Naturally, you certainly cannot fight pandemics with just a single-payer health care system, as the experience of the United Kingdom has shown. But you really can’t have good public health, from disease prevention to fighting obesity, without ensuring that everyone has not only health insurance but regular and free access to high-quality medical care. You can’t monitor disease outbreaks without being sure that people can go to the doctor if they get sick. And the health of the public is not the same thing as public health; people will still get sick even in a society with very good public health, and they deserve to be treated for free. This seems like a very basic point, but if the Times is going to suggest increasing public health funding as its singular solution to the gaping wound of America’s health care system, it needs to be said. 

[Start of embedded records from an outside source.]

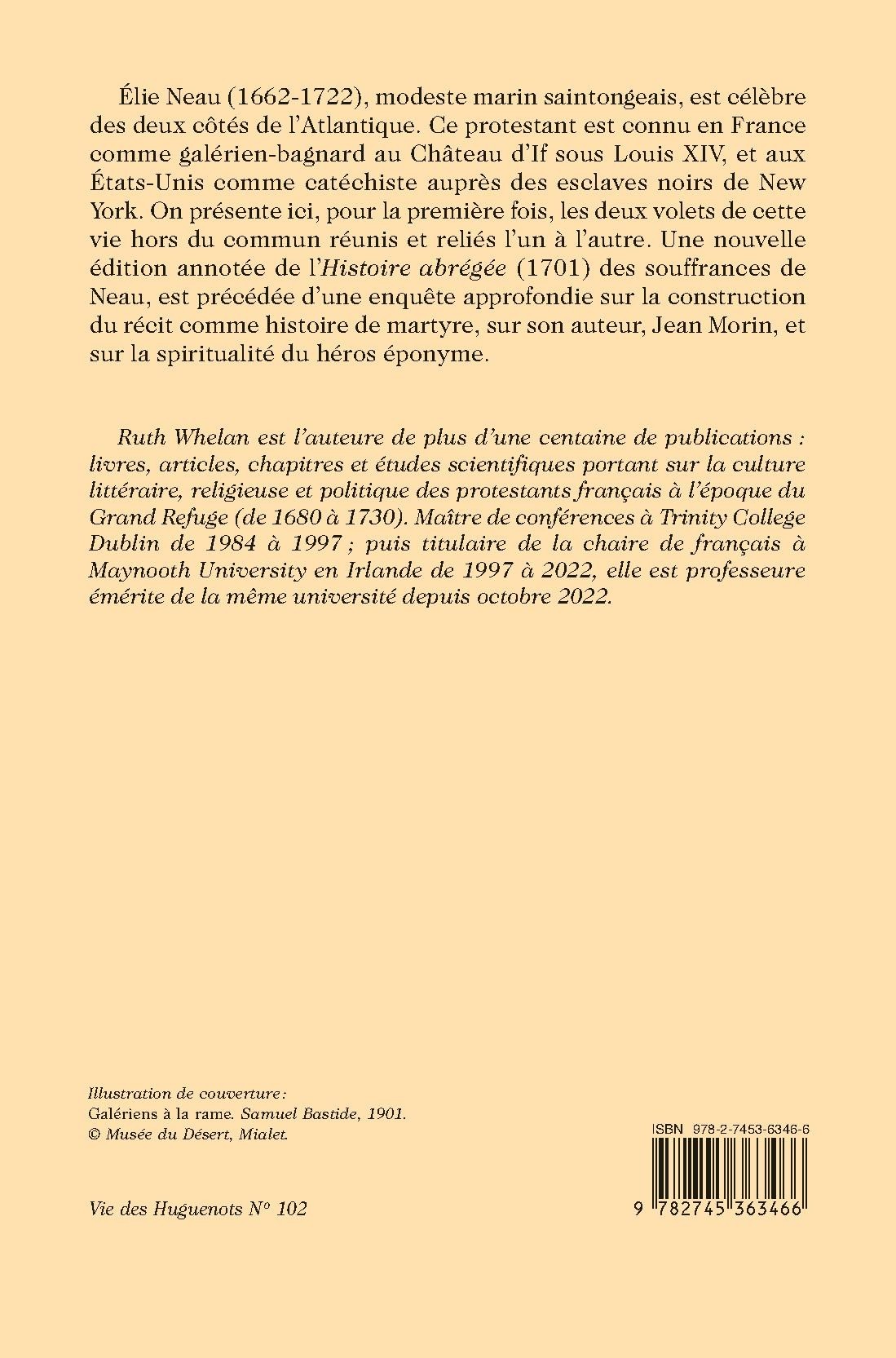 Élie Neau (1662-1722), modeste marin saintongeais, est célèbre des deux côtés de l’Atlantique. Ce protestant est connu en France comme galérien-bagnard au Château d’If sous Louis XIV, et aux États-Unis comme catéchiste auprès des esclaves noirs de New York. On présente ici, pour la première fois, les deux volets de cette vie hors du commun réunis et reliés l’un à l’autre. Une nouvelle édition annotée de l’Histoire abrégée (1701) des souffrances de Neau, est précédée d’une enquête approfondie sur la construction du récit comme histoire de martyre, sur son auteur, Jean Morin, et sur la spiritualité du héros éponyme.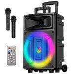 Entrada universal auxiliar de micrófono para función karaoke. (Con 2 micrófonos inalámbricos incluídos).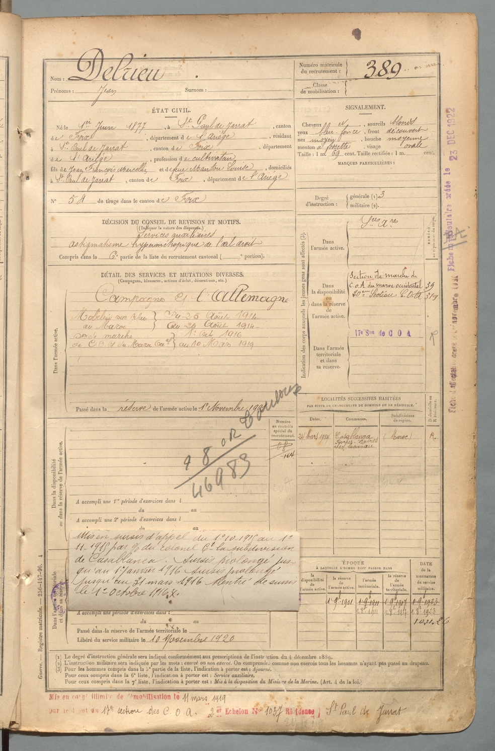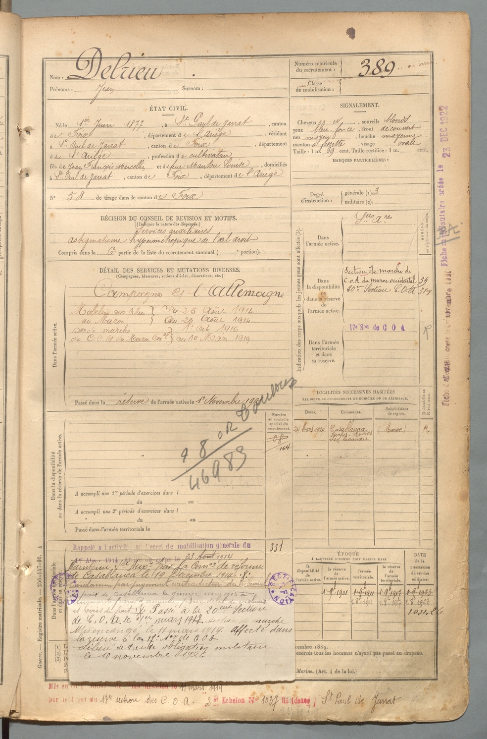 | Delrieu | Jean | FOIX | 1 R 450 | 1897 | Saint-Paul-de-Jarrat | Saint-Paul-de-Jarrat | 389 |

Some of the Times’ editorial board seem to grasp the urgency of improving health care beyond public health. Interlandi, for example, wrote an excellent op-ed last week about the insanity of tying health insurance to employment in this country. But suggesting public health spending as the one health reform you would pick to begin “the difficult but essential work of ensuring all Americans have the freedom to enjoy life and liberty, and to pursue happiness” is baffling. We have a much bigger problem than public health funding, and we just spent basically a whole year talking about the various solutions to that problem. It shouldn’t be a big ask to mention one of them.

The most generous explanation would be that the coronavirus pandemic has thrown our devastated public health infrastructure into such clear view that the Times simply forgot about all of our health care system’s pre-pandemic inadequacies. But these, too, loom so large that losing sight of them would be appalling, since tens of millions of Americans have recently lost their health insurance. Similarly, you could see this strange punt on one of the biggest issues in America as the board’s failure to reach consensus on universal health care. That said, the paper did come to a unilateral agreement to support baby bonds and universal pre-K.  

So what gives? Has the Times given up on the idea of health care reform? Or, worse, does this reflect the reality that the truly gigantic changes to the health care system that we need are simply no longer on the table now that Bernie Sanders is out of the picture? Are we entering the Biden Era not just resolved to accept a watered-down public option but not to even talk about it anymore at all? It is a strange and troubling sign for health reform if The New York Times can endorse a $15 minimum wage and paid sick leave but not even muster support for a single proposal to expand health insurance coverage. Perhaps this simply reflects internal Times dissension to which we’re not privy. If that’s the case, it would be somewhat useful and informative for readers to know that the editors are still having a larger argument with one another—it would at least signal that the debate is worth having. The larger concern, however, is that their wan response to this crisis reflects a sigh of relief, in the most significant institution of elite opinion in the country, that they don’t have to think about health care reform anymore.